= Semantic field =

Set of words grouped by meaning referring to a specific subject

In linguistics, a semantic field is a related set of words grouped semantically (by meaning) that refers to a specific subject. The term is also used in anthropology, computational semiotics, and technical exegesis.

==Definition and usage==

Brinton (2000: p. 112) defines "semantic field" or "semantic domain" and relates the linguistic concept to hyponymy:

Related to the concept of hyponymy, but more loosely defined, is the notion of a semantic field or domain. A semantic field denotes a segment of reality symbolized by a set of related words. The words in a semantic field share a common semantic property.

A general and intuitive description is that words in a semantic field are not necessarily synonymous, but are all used to talk about the same general phenomenon. Synonymy requires the sharing of a sememe or seme, but the semantic field is a larger area surrounding those. A meaning of a word is dependent partly on its relation to other words in the same conceptual area.
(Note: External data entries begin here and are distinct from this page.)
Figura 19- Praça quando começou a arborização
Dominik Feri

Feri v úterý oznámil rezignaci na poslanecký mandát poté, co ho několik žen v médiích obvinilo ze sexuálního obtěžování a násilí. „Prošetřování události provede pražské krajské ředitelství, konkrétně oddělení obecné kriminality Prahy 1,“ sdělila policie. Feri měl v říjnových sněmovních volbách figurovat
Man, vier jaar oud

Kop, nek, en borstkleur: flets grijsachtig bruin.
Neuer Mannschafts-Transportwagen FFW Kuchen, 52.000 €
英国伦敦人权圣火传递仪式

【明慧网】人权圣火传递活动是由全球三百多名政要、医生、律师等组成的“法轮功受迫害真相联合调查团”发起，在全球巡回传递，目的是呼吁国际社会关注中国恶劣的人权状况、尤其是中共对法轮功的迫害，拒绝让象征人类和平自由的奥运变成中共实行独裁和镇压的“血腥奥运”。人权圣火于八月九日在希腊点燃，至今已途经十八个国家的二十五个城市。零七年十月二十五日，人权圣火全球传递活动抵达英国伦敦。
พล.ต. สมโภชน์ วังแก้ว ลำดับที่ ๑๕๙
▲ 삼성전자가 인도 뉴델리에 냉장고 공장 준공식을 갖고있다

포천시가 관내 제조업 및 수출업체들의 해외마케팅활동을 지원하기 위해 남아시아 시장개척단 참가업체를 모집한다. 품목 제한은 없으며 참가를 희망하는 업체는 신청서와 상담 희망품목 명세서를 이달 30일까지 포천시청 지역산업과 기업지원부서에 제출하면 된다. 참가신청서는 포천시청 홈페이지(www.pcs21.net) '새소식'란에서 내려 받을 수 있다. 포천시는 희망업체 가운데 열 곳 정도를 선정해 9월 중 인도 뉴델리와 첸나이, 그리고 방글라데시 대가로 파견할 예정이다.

The kinds of semantic fields vary from culture to culture and anthropologists use them to study belief systems and reasoning across cultural groups.
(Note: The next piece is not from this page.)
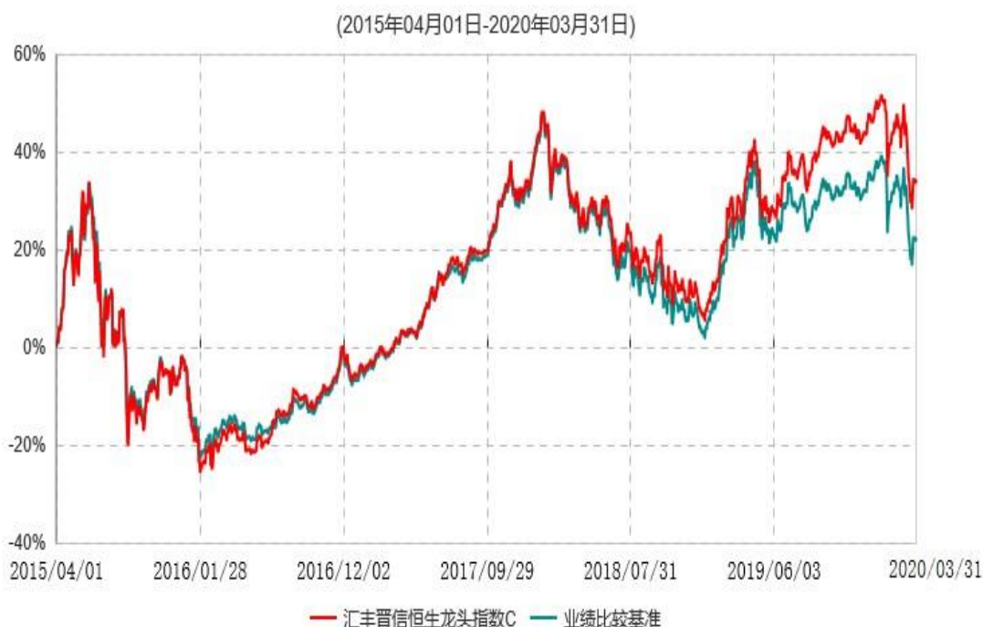
汇丰晋信恒生龙头指数C累计净值增长率与业绩比较基准收益率历史走势对比图

Andersen (1990: p.327) identifies the traditional usage of "semantic field" theory as:

Traditionally, semantic fields have been used for comparing the lexical structure of different languages and different states of the same language.

==History==
The origin of the field theory of semantics is the lexical field theory introduced by Jost Trier in the 1930s, although according to John Lyons it has historical roots in the ideas of Wilhelm von Humboldt and Johann Gottfried Herder. In the 1960s Stephen Ullmann saw semantic fields as crystallising and perpetuating the values of society. For John Lyons in the 1970s words related in any sense belonged to the same semantic field, and the semantic field was simply a lexical category, which he described as a lexical field. Lyons emphasised the distinction between semantic fields and semantic networks. In the 1980s Eva Kittay developed a semantic field theory of metaphor. This approach is based on the idea that the items in a semantic field have specific relations to other items in the same field, and that a metaphor works by re-ordering the relations of a field by mapping them on to the existing relations of another field. Sue Atkins and Charles J. Fillmore in the 1990s proposed frame semantics as an alternative to semantic field theory.

==Semantic shifts==

The semantic field of a given word shifts over time. The English word "man" used to mean "human being" exclusively, while today it predominantly means "adult male," but its semantic field still extends in some uses to the generic "human" (see Mannaz).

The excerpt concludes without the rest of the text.